Алтея была в своей стихии. Она переходила от одной группы к другой, разнося еду, и ее лицо горело таким оживлением, какого Эйсон еще никогда не видел. А еще позже, когда они украдкой скрылись в зарослях и занимались любовью в восстановленном саду, когда он, лежа на одеяле, смотрел, как она раздевается и ее кожа покрывается фигурными узорами лунного света, проникающего сквозь ветви, его решение окончательно окрепло. Ее тело, перспективный бизнес, восхитительное место. Что еще нужно? Он решил остаться.


Эйсон не видел их вместе вплоть до третьего дня сбора. Наступило время обеда, и он направился с причала на кухню, чтобы поживиться приготовленными Тиареллой бутербродами. Из окна кухни просматривался почти весь сад.

Алтея сидела в тени эвкалиптового дерева с одним из прихожан, парнем лет двадцати. Они оживленно болтали, передавая друг другу фляжку с соком. Эйсон почувствовал раздражение, глядя, как непринужденно она ведет себя с этим парнем. Но он сдержался. Меньше всего ему хотелось стать участником сцены, которая привлекла бы внимание и вызвала пересуды.

Фокусировка зрительных вставок на лице парня позволила Эйсону заметить, с каким восхищением тот смотрит на Алтею.
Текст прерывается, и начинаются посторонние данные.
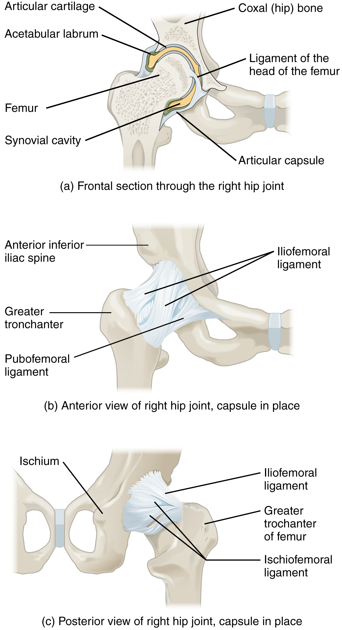 The acetabulum is the socket portion of the hip joint. This space is deep and has a large articulation area for the femoral head, thus giving stability and weight bearing ability to the joint. The acetabulum is further deepened by the acetabular labrum, a fibrocartilage lip attached to the outer margin of the acetabulum. The surrounding articular capsule is strong, with several thickened areas forming intrinsic ligaments. These ligaments arise from the hip bone, at the margins of the acetabulum, and attach to the femur at the base of the neck. The ligaments are the iliofemoral ligament, pubofemoral ligament, and ischiofemoral ligament, all of which spiral around the head and neck of the femur. The ligaments are tightened by extension at the hip, thus pulling the head of the femur tightly into the acetabulum when in the upright, standing position. Very little additional extension of the thigh is permitted beyond this vertical position. These ligaments thus stabilize the hip joint and allow you to maintain an upright standing position with only minimal muscle contraction. Inside of the articular capsule, the ligament of the head of the femur (ligamentum teres) spans between the acetabulum and femoral head. This intracapsular ligament is normally slack and does not provide any significant joint support, but it does provide a pathway for an important artery that supplies the head of the femur.

Что ж, это вполне понятно, в конце концов, она ведь красивая девчонка. Но имелось кое-что еще – черты его лица показались Эйсону смутно знакомыми: сильная челюсть, длинные светлые волосы, чистые голубые глаза – настоящий фермер. Лица людей Эйсон запоминал очень хорошо и был уверен, что видел его, и совсем недавно. Хотя даже не смог бы определить, в какой стороне расположен остров Оливьера.

Их познакомила Алтея. Парня звали Маллен, ему было семнадцать лет, вежливый и почтительный, может быть, немного беспокойный. Прекрасная комбинация. Эйсон даже почувствовал симпатию к нему.